Atomic Pt with Trapped Interstitial F in PtCo Nanosheets for Zinc-Air Batteries

Platinum group metals (PGMs) based materials are currently dominantly used as oxygen reduction/evolution reaction (ORR/OER) catalysts in many emerging renewable energy devices such as Zn-air batteries (ZABs) because of their favorable surface electronic structures for electrocatalytic reactions. Most recently, atomic PGMs anchored on the conducting supports have been recognized as the most effective way to improve the utilization efficiency of PGMs and reduce the catalyst cost.

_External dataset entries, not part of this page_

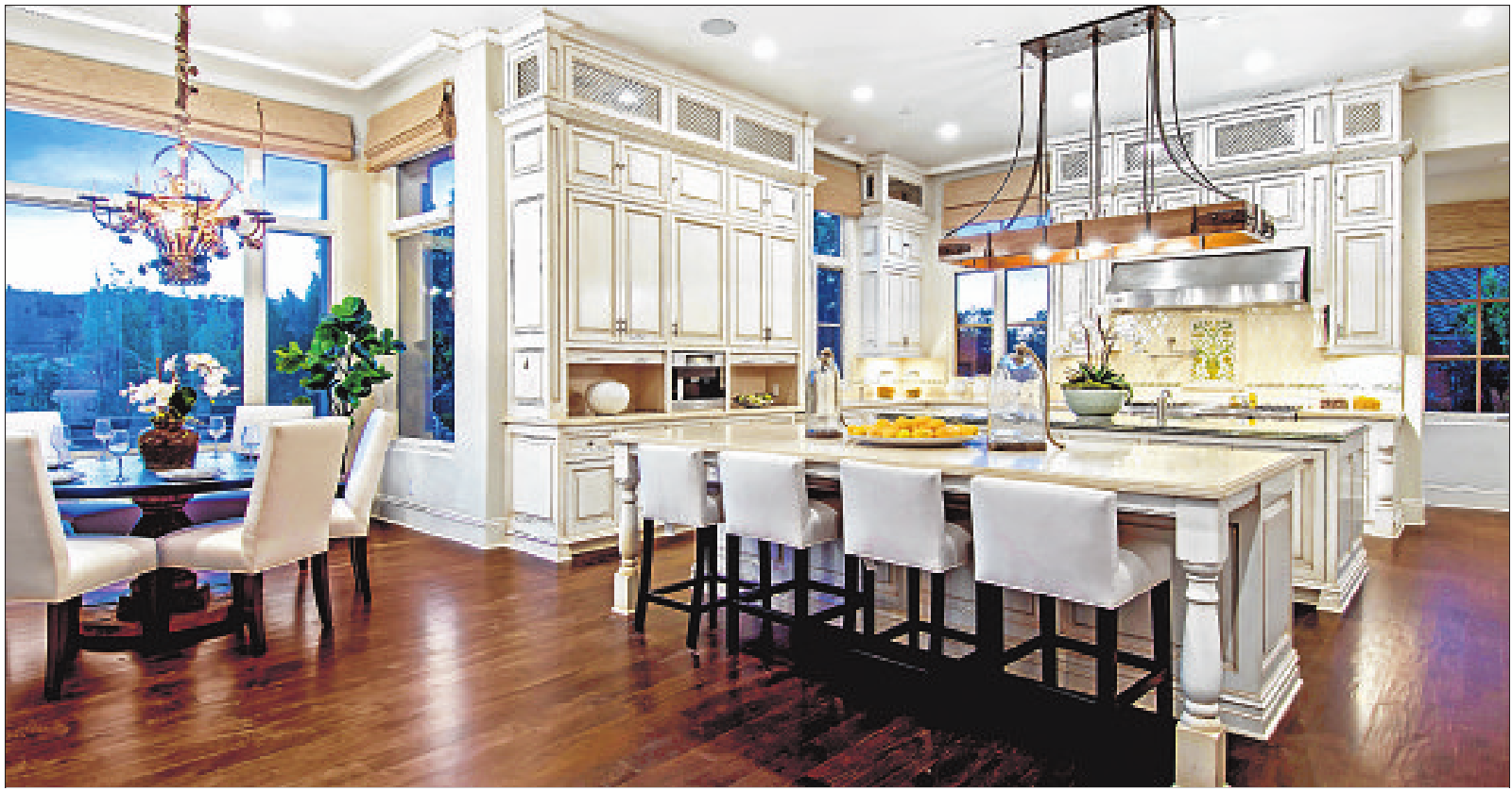 Within the 7,020 square feet of refined space are a two-story entry, a living room with a fireplace, a library/den with built-in bookshelves and a chef’s kitchen with an oversized island. A wine wall set within tempered glass sits off the formal dining room.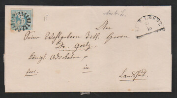 "15", gMR nebst HK "Au b. Ldsht." auf gef. Brief 3 Kr. blau (etwas randfleckig)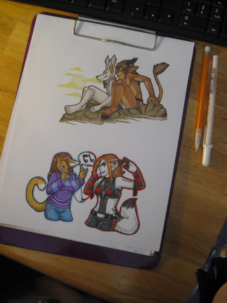 's Cat on the left and my Ixy to the right, rocking out! Though I suppose I should leave that to the viewer's interpretation - but *I* was listening to 'Slipknot' while working on it, lol. Otherwise, this was really fun! :]Also, once again drawn on the (same page) as before!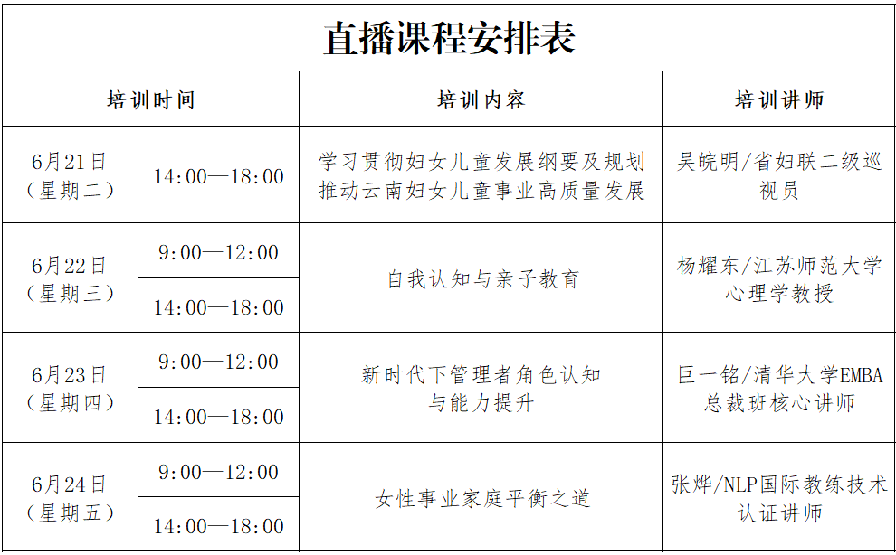 为持续培养工会基层女职工干部的专业能力素养,提升女工主任业务水平、履职能力,云南省总工会女职工委员会将于6月21-24日举办全省工会女职工工作干部线上培训班,持续采用信息化手段开展培训实现培训资源最大化共享,请各工会组织工会、妇联以及各分工会专兼职女性干部积极参加。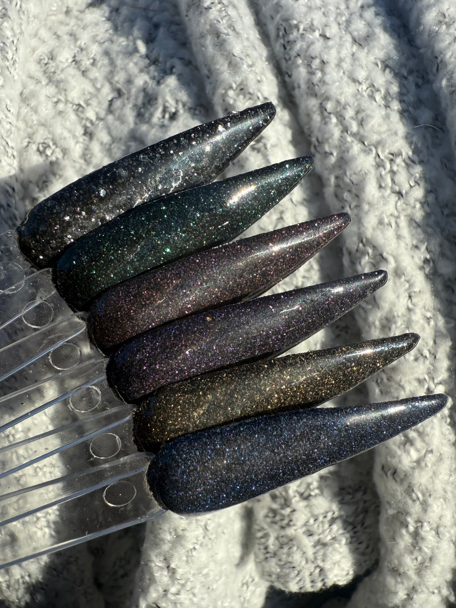 Topping with clear dip is strongly recommended. These swatches show 2 dips.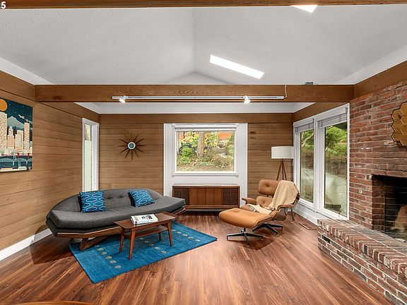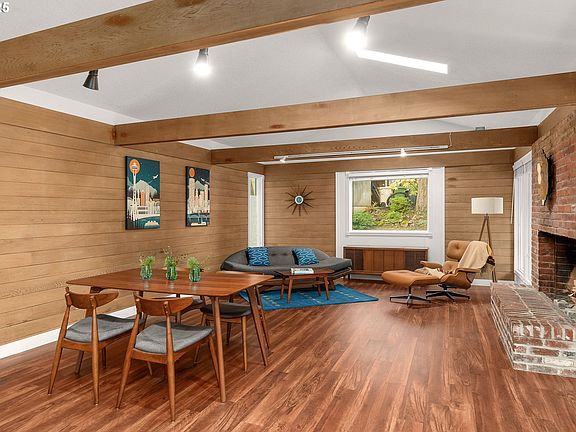 Nestled on nearly half an acre in the desirable Lake Oswego area, this meticulously maintained and beautifully updated mid-century modern home offers the perfect blend of timeless design and modern amenities.Step inside to discover an open-concept kitchen with a cozy eating nook, seamlessly flowing into the inviting family room featuring exposed beams and a charming wood-burning fireplace. The spacious living room, also with a fireplace, offers a welcoming space for relaxation or entertaining.The large primary bedroom boasts an updated en-suite bath and a cedar-lined walk-in closet, ensuring a peaceful retreat. The lower level is an ideal gathering spot, with a second family room complete with an additional brick fireplace and collapsible accordion doors, and two additional bedrooms.The oversized two-car garage includes a work area and a 60-amp line for an EV charger hookup, while the newer 50-year presidential roof adds peace of mind for years to come. Energy efficiency is a key feature with owned solar panels that keep monthly power bills low.Enjoy the benefits of new interior and exterior paint, along with brand-new Trex decking on both the front and back of the home. The fully fenced yard, enhanced by extensive landscaping, provides privacy and ample space for outdoor activities.Located just moments from top-rated Lake Oswego schools, this exceptional home combines style, comfort, and practicality. Don’t miss the opportunity to make this rare find your own!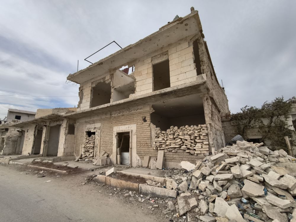 Kardeşlerimizle şehrin merkezinde bir tur attık. Geniş caddelerden geçerken her iki yan tarafta kimisinin yarısı yıkılmış, kimisi binalar da büyük enkaz yığını haline gelmiş olduğu göze çarpıyordu. Arkadaşlarımızın anlattığına göre silahlı muhalif güçlerin bir kısmı bu binalara sığınınca, bu yapılar rejimin güçlerin tarafından uçaklardan atılan füze ve bombalarla tahrip edilmiş. Enkazların hâlâ olduğu gibi durduğunu ve kaldırılmayı beklediğini gördük.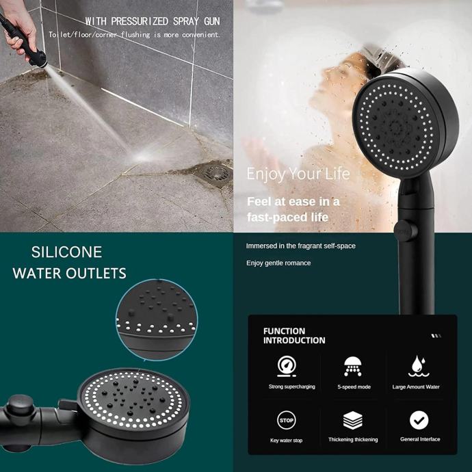 Zahvaljujoč svojim 5 funkcijam, ta tuš ročka omogoča prilagodljivo in priljubljeno prho glede na vaše želje. Izbirate lahko med različnimi načini prhanja, vključno z masažo, dežjem, mešano funkcijo in še več. S tem boste lahko ustvarili prilagojeno prho, ki bo zadovoljila vaše potrebe in vam omogočila sproščujočo izkušnjo.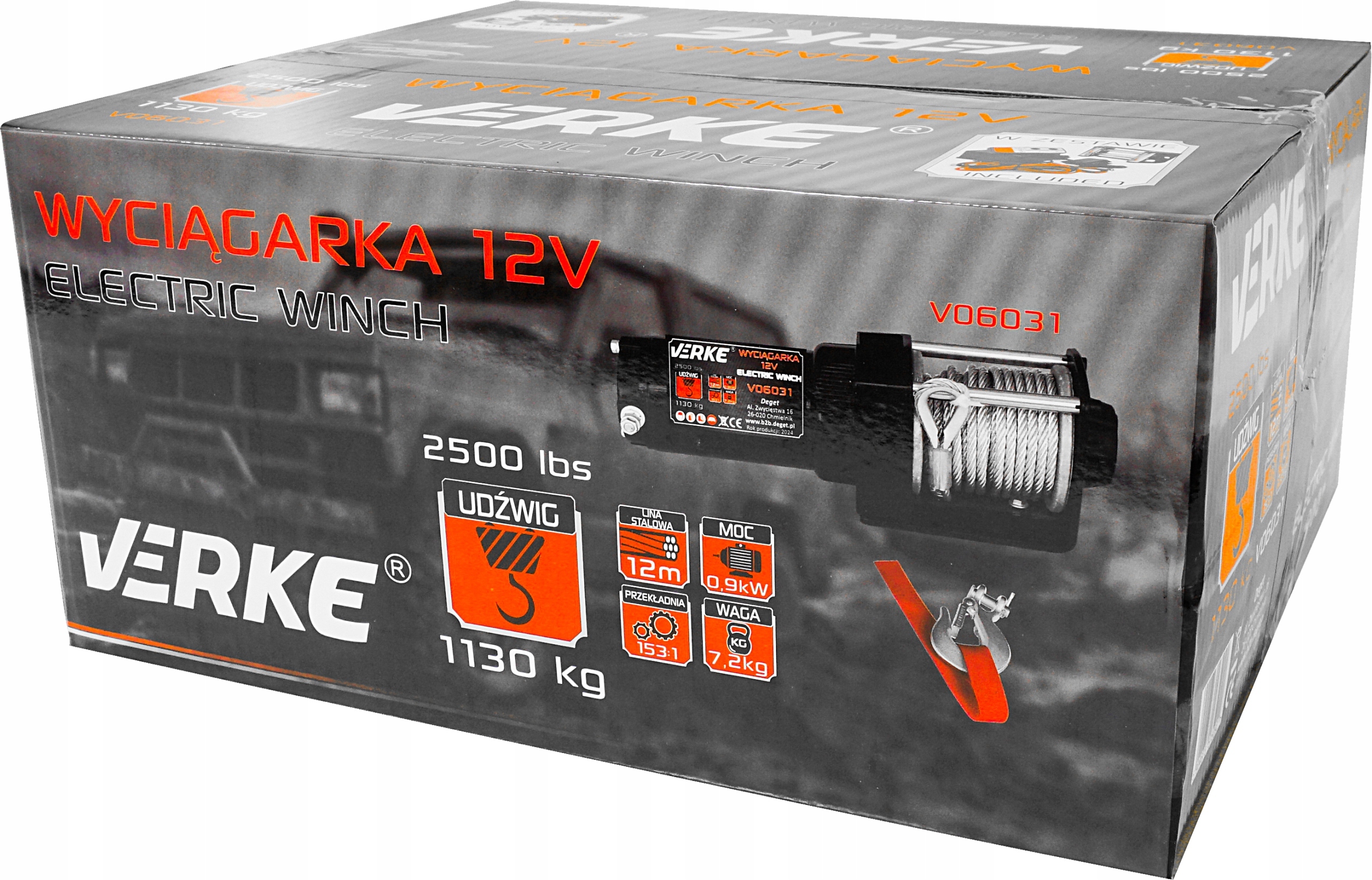 12 В лебедка, 2500 фунтов, стальная лина 12M Verke h1>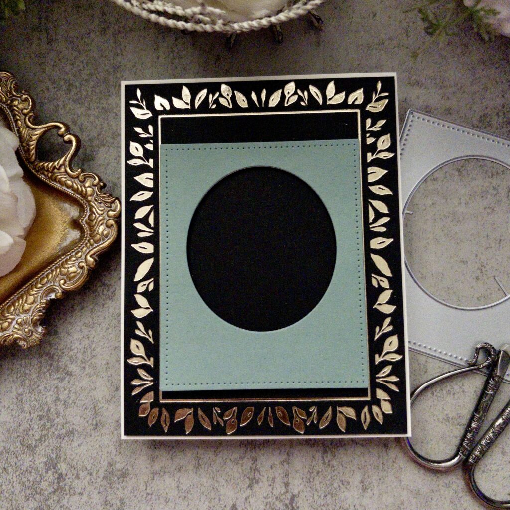 STEP 2: Cut the frame from Ocean Tides cardstock and attach it to the black panel using foam squares.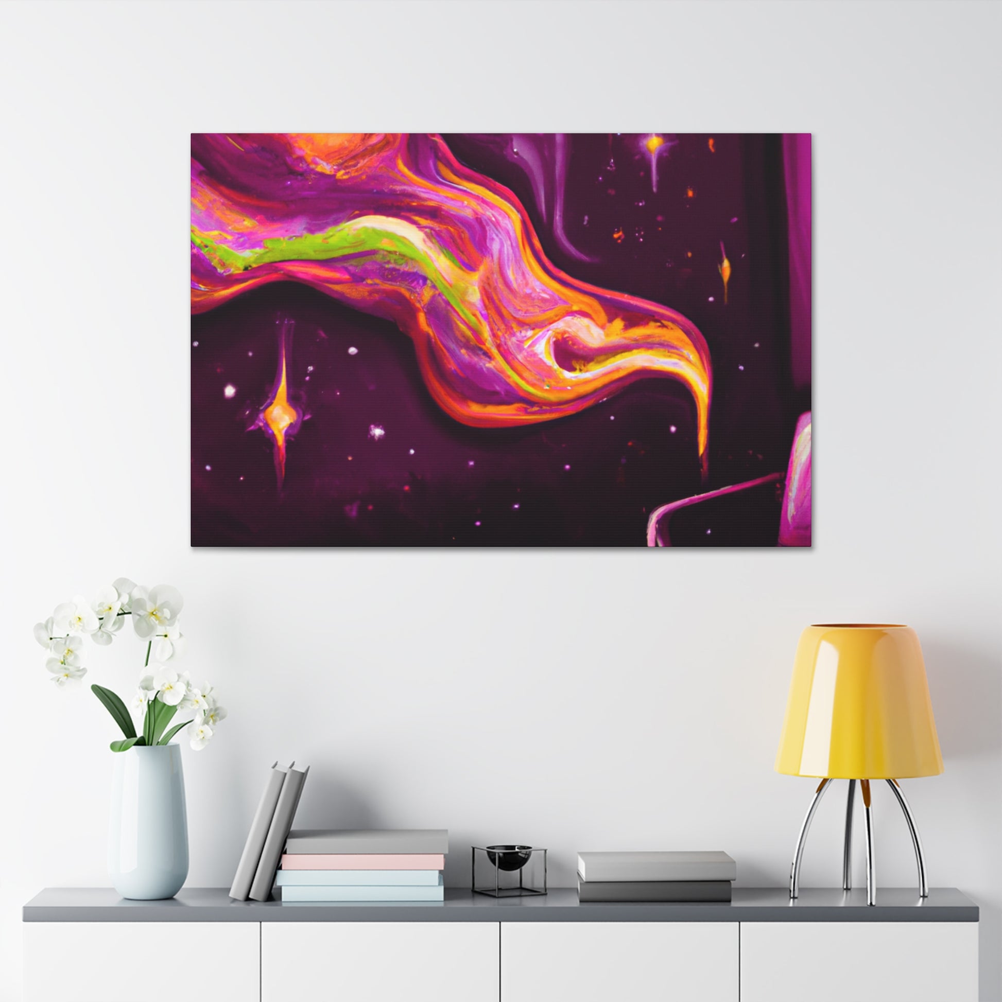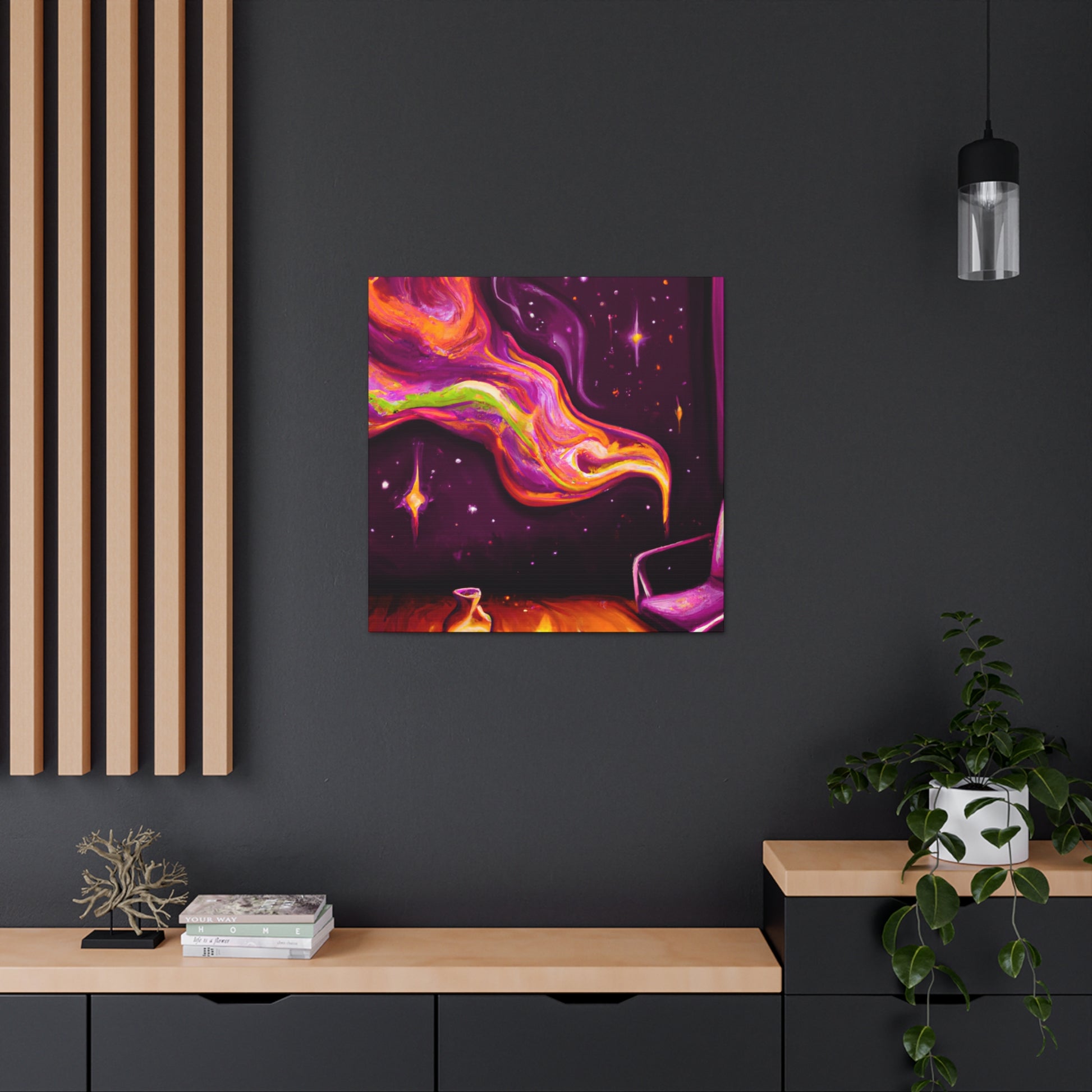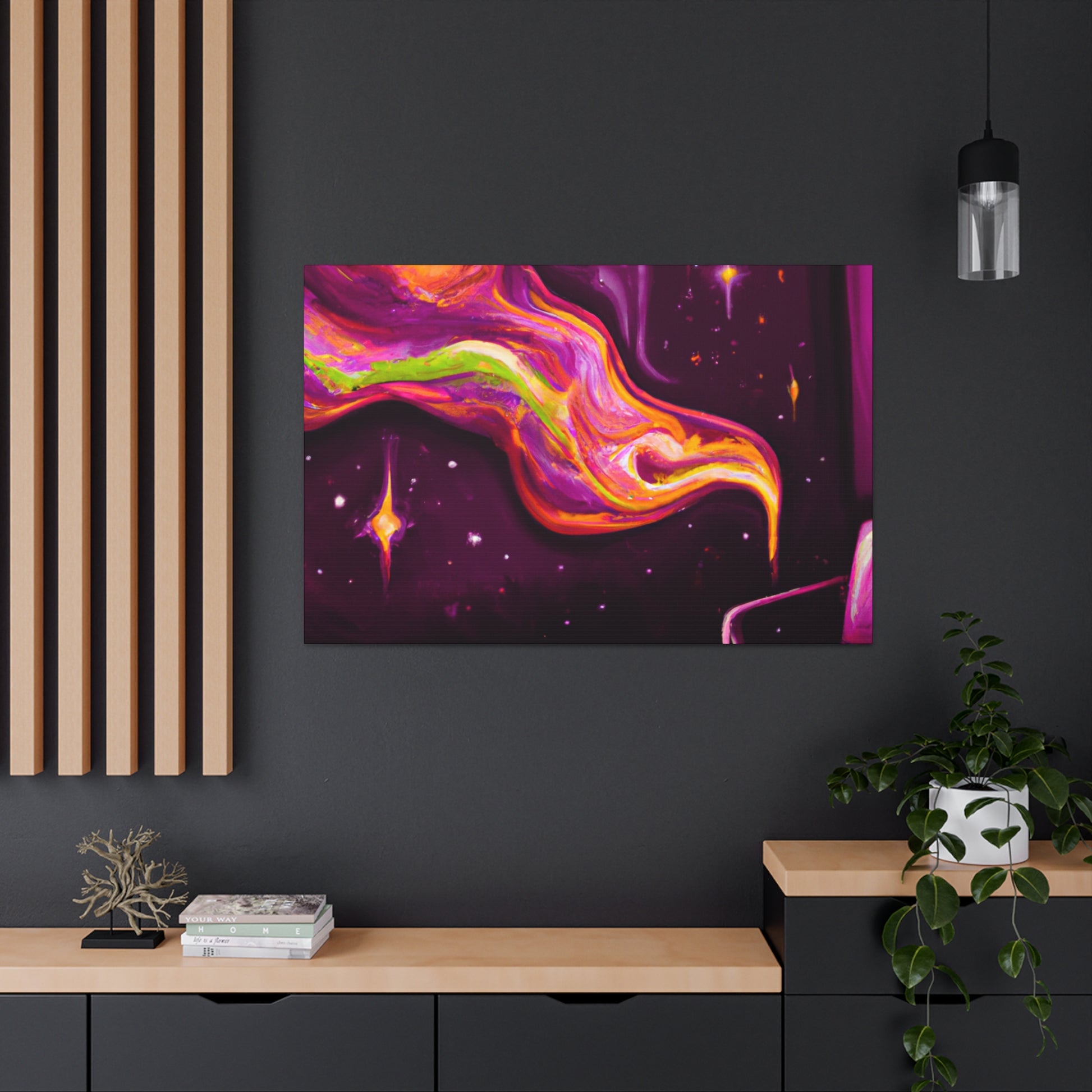 This vibrant canvas will bring a psychedelic pop of colour to your living room. With its abstract shapes and sharp geometry, this digital artwork will add a contemporary finish to your interior. Let your imagination take flight and enjoy this trippy painting. #digitalart #canvasart #abstractart #livingroomdecor #trippypainting #psychedelicart #vibrantart #trendyart #contemporaryart #geometricart #modernart

However, traditional synthetic approaches to atomic catalysts, such as wet impregnation and atomic layer deposition, still have a long way to be optimized for industrial mass production. In this work, we designed a scalable and repeatable synthesis of atomic Pt in the alloyed platinum cobalt (PtCo) nanosheets by combining bottom-up electrodeposition and top-down fluorine-plasma (F-plasma) etching treatments. The interstitial F atoms trapped in the alloyed PtCo crystal structure induce lattice distortion which plays a crucial role in stabilizing the atomic Pt on the surface of catalyst (denotes as SA-PtCoF) by balancing surface free energy. Moreover, the proposed SA-PtCoF nanosheets are additive-free catalysts with abundant active sites and high surface areas, which show significant advantages over powder catalysts for ZAB due to the suppressed catalyst deactivations. Benefiting from the catalyst-support interactions and synergistic effects of SA-PtCoF, an unprecedented ZAB performance (power density of 125 mW cm -2 , capacity of 808 mAh g Zn -1 , cycle life over 240 h) is achieved, superior to commercial Pt/C@RuO 2 and other state-of-the-art ORR/OER catalysts.